The main game premise is that you are a survivor who has decided that Piety is as far as you are willing to run. It’s time to make a stand. You are the man with a plan. You are the one guy who has just had enough. You are going to bring people, and tools and weapons together and draw the line that says “no more”.

You know there is a wave of zombies from the big cities crossing the heartland and that wave is going to break over Piety sometime over the next couple of weeks. Your base has got exactly that much time to be beefed up with people, barricades and traps.

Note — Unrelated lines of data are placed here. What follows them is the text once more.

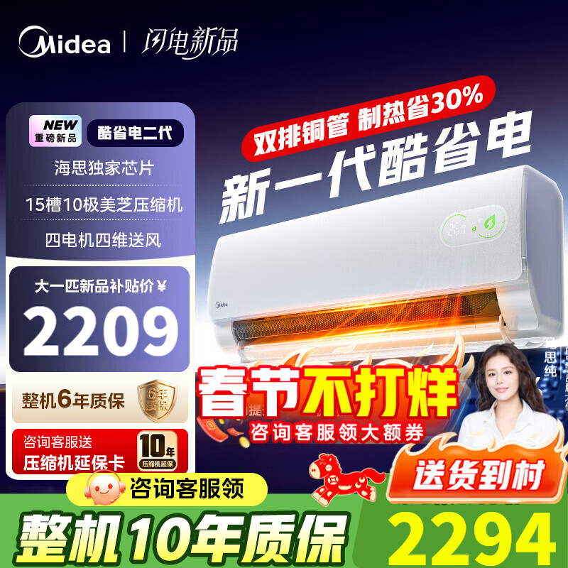 美的上门安装挂式空调酷省电二代新一级能效变频冷暖大1.5匹家用卧室挂机2匹空调防直吹节能省电大1P 酷省电二代 大1匹 【26年新品配置升级】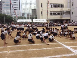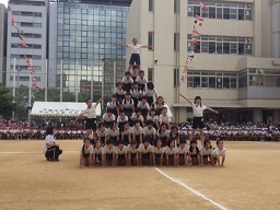 6年生の組体操のラスト、全員ピラミッドも見事成功です!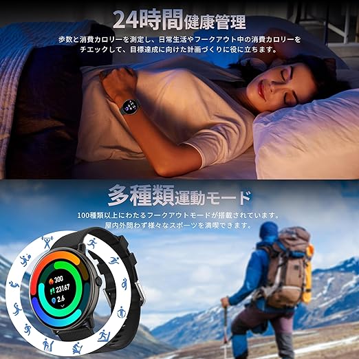 スマートウォッチ 通話機能 メッセージ通知 スマート ウォッチ 円形 丸形 AMOLED HDディスプレイ 1.43インチ 歩数計 Smart watch Bluetooth5.3接続 常時表示 100+種類運動モード 腕時計 DIY文字盤 カレンダー付き 天気予報 目覚まし時計 スポーツウォッチ 誕生日 プレゼント a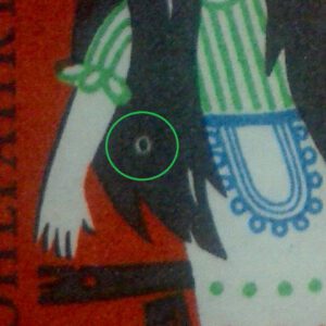Farbverschmierung (rot) rechts am Rand neben dem S von SCHNEEWITTCHEN
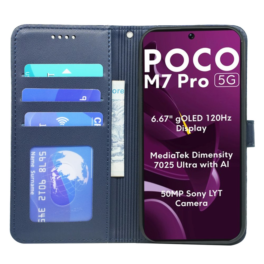 Θήκη Xiaomi Poco M7 Pro 5G Mad Mask PU Leather Series V4 με βάση στήριξης, υποδοχές καρτών και μαγνητικό κούμπωμα μπλε

Given that, each day is crucial as you race the clock. You assign tasks like building or medical care to whatever people you have recruited; decide who you will take with you on your expedition that day, and what sort of rumours you are going to chase down. Do you look for survivors? Food? Ammo? Should you survive not only the mission and the trip there and back (there is always a chance to run into unavoidable hordes when traveling) you can then store what you have found in your stronghold and see where you stand. Tomorrow, people are going to need to be fed, barricades and traps under construction are going to need special materials and tools and you are, once again, going to have to put yourself on the line rescuing people and gathering more things that are so desperately needed to prepare for the final night.

People who have been bitten by a Zombie do not die instantly, and human beings — especially scared human beings — are some of the fastest–moving creatures on this planet.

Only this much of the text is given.